* **WHAT YOU HAVE TO DO**
Please set down exactly the lines from the one that contains "Предлагаем в аренду" through the end of the material, leaving out every picture.

* **DATASET EXCERPT**
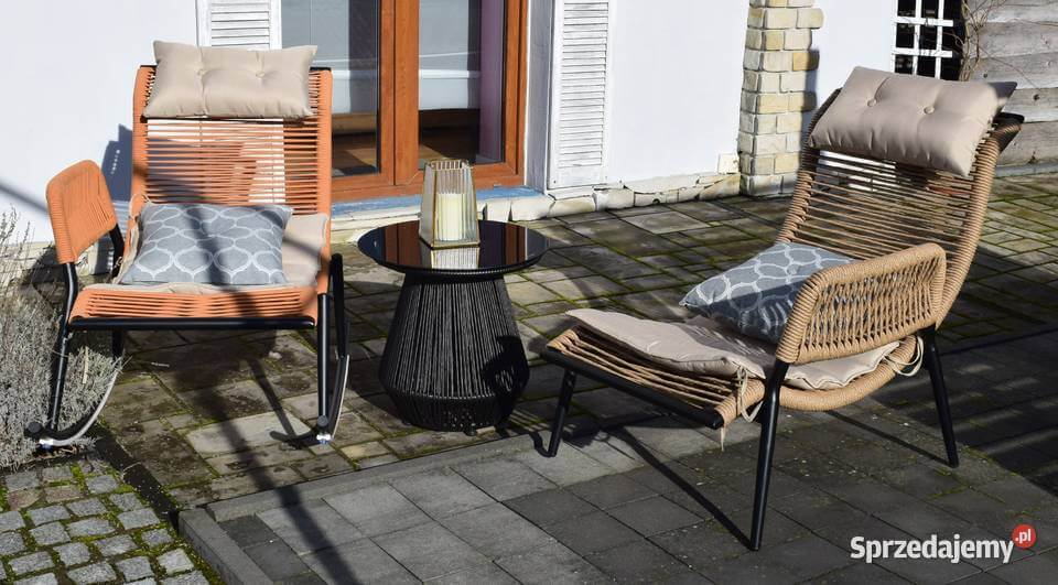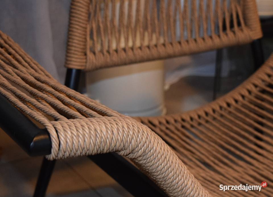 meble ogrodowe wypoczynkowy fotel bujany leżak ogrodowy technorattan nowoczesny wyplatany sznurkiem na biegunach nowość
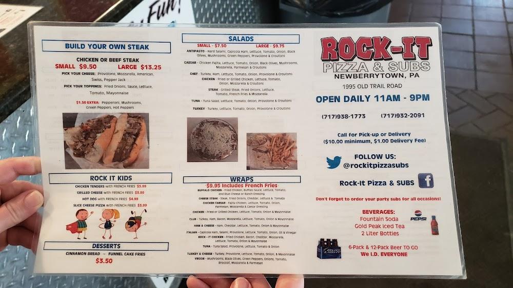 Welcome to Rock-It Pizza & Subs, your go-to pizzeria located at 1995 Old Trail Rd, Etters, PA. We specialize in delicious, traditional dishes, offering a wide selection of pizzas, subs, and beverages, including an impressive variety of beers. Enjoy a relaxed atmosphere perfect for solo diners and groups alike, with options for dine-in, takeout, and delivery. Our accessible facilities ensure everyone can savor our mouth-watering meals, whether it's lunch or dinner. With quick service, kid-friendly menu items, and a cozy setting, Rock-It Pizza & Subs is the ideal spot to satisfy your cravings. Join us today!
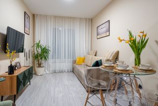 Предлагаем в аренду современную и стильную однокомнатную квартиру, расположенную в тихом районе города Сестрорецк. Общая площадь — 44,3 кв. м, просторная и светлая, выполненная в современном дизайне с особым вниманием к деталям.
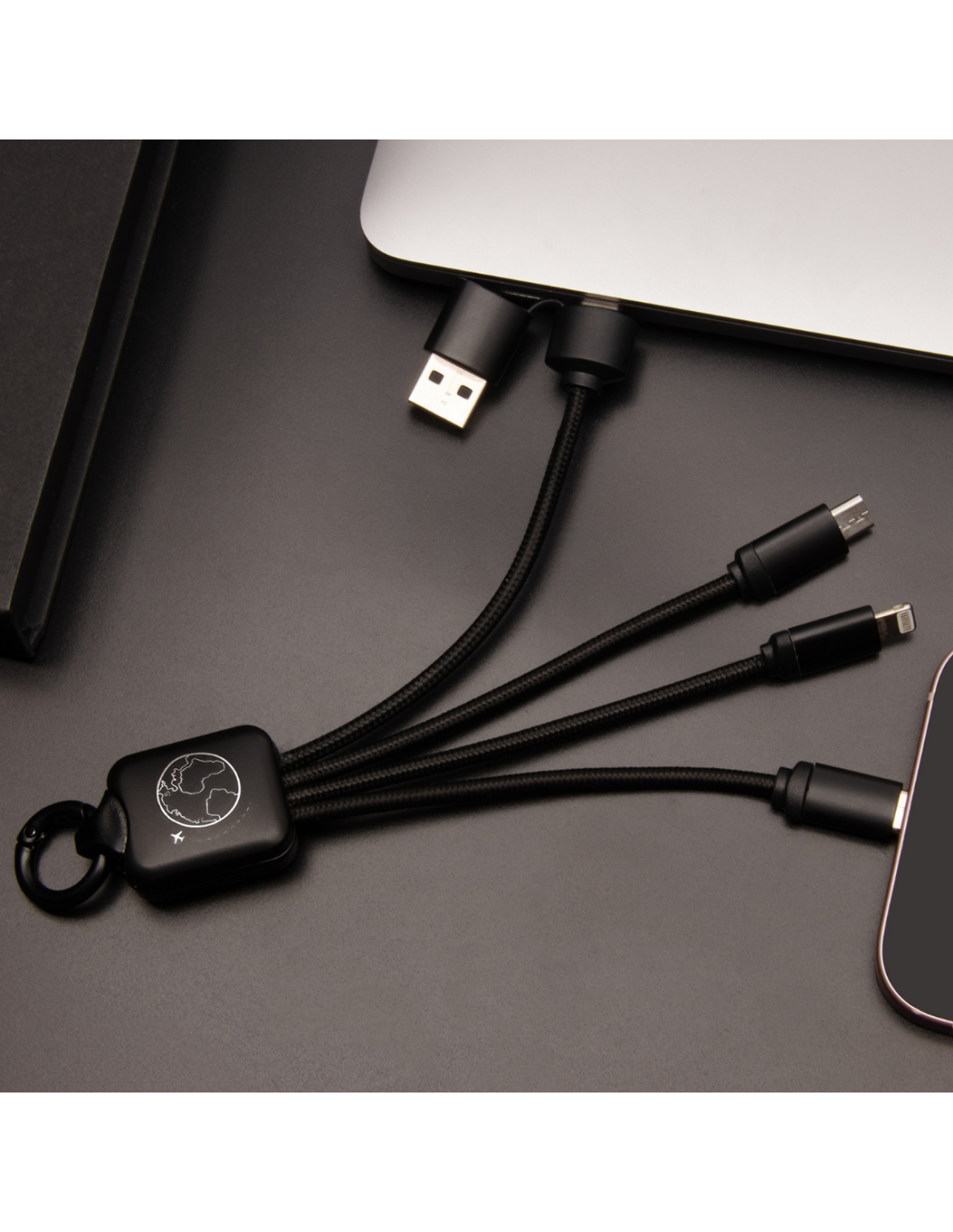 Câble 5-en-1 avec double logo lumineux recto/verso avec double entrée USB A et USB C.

* **SOLVED PROBLEM**
 Предлагаем в аренду современную и стильную однокомнатную квартиру, расположенную в тихом районе города Сестрорецк. Общая площадь — 44,3 кв. м, просторная и светлая, выполненная в современном дизайне с особым вниманием к деталям.
 Câble 5-en-1 avec double logo lumineux recto/verso avec double entrée USB A et USB C.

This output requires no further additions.